● Supplied data
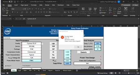 1 If you are using Office 365, please download this power estimator to do power estimation on Intel Cyclone 10 LP devices.
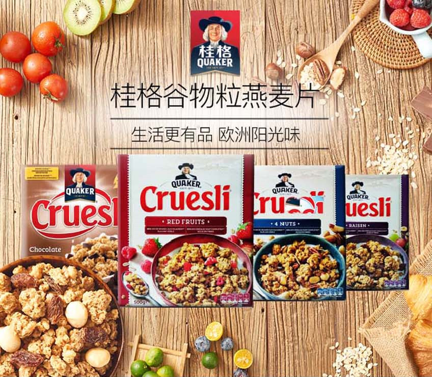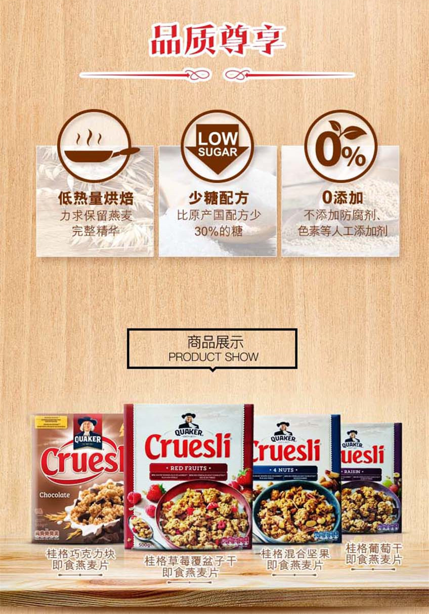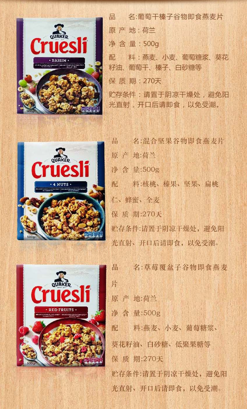 荷兰进口 QUAKER 桂格水果干谷物粒即食燕麦片500g*2盒
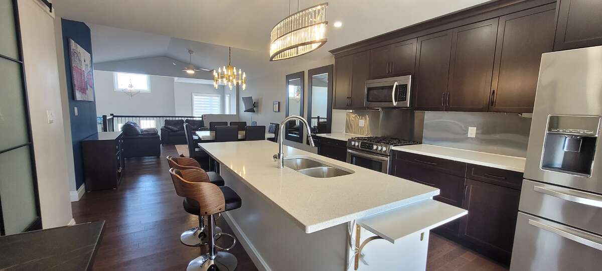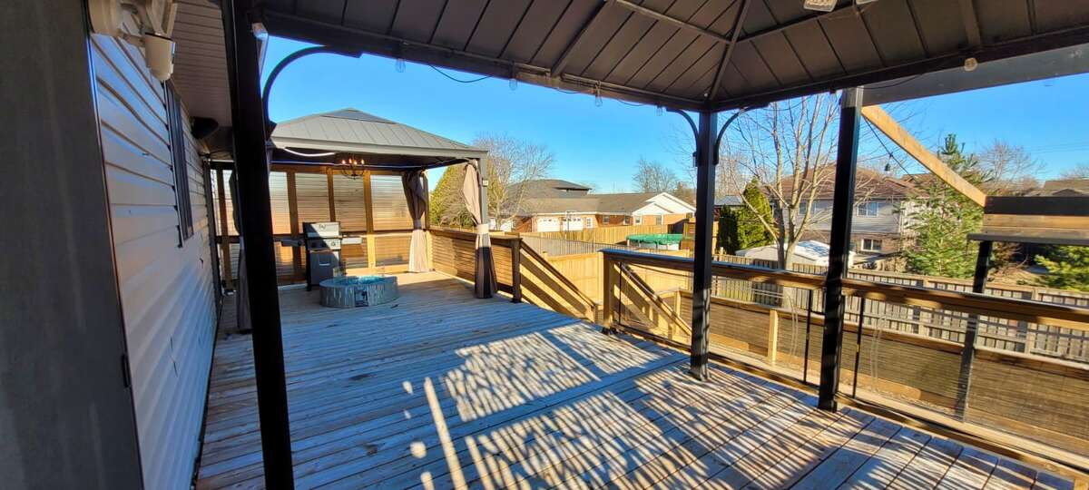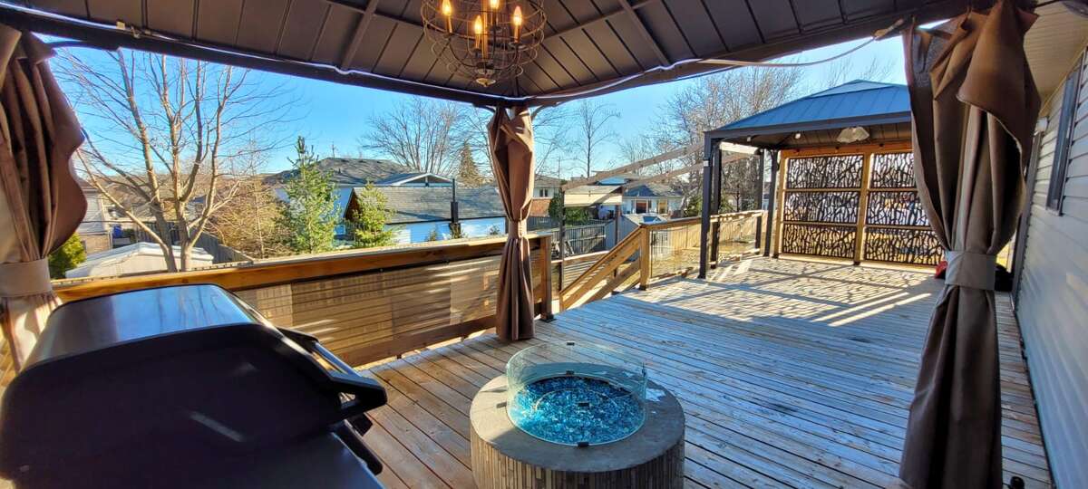 Inside, you’ll find a spacious open-concept layout filled with natural light, showcasing a stunning kitchen with a large island, garburator, and stainless steel appliances. Basement is partially finished, offering excellent versatility and room to grow .The living space flows seamlessly to a two-tier deck complete with gazebos and private hot tub access directly from the primary bedroom.
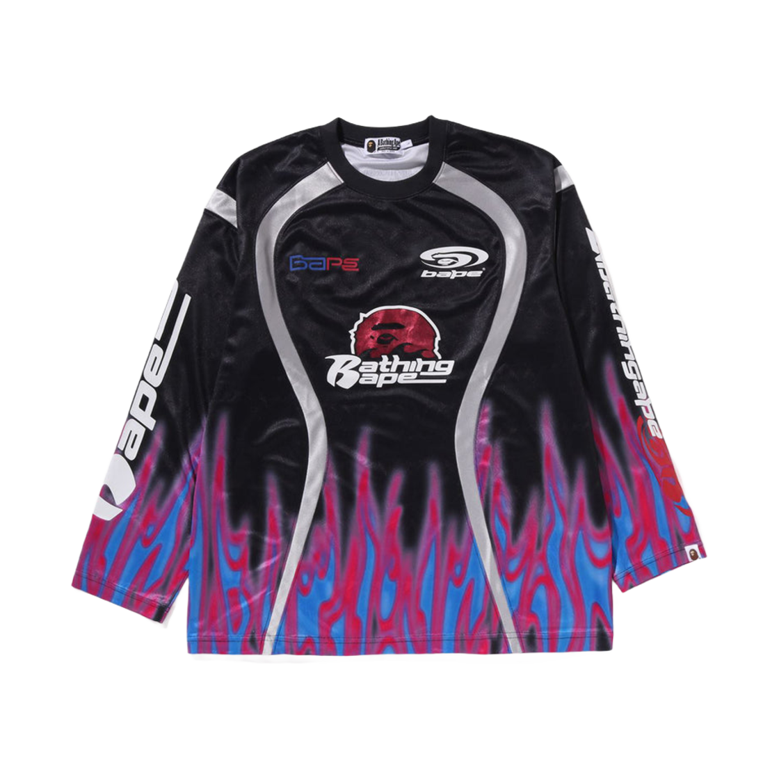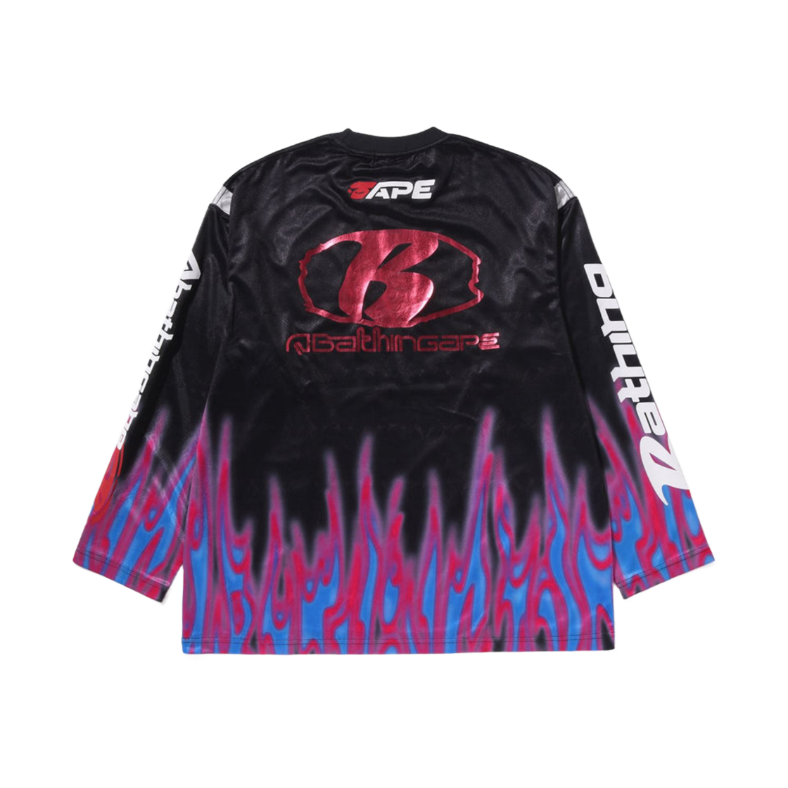 BAPE Flame Pattern Multilogo Relaxed Fit Football Jersey Black

● Your objective
To answer, repeat exactly the lines from the line containing "荷兰进口 QUAKER 桂格水果干谷物粒即食燕麦片500g*2盒" through the last line of the data above, leaving out all pictures.

● Exercise response
 荷兰进口 QUAKER 桂格水果干谷物粒即食燕麦片500g*2盒
 Inside, you’ll find a spacious open-concept layout filled with natural light, showcasing a stunning kitchen with a large island, garburator, and stainless steel appliances. Basement is partially finished, offering excellent versatility and room to grow .The living space flows seamlessly to a two-tier deck complete with gazebos and private hot tub access directly from the primary bedroom.
 BAPE Flame Pattern Multilogo Relaxed Fit Football Jersey Black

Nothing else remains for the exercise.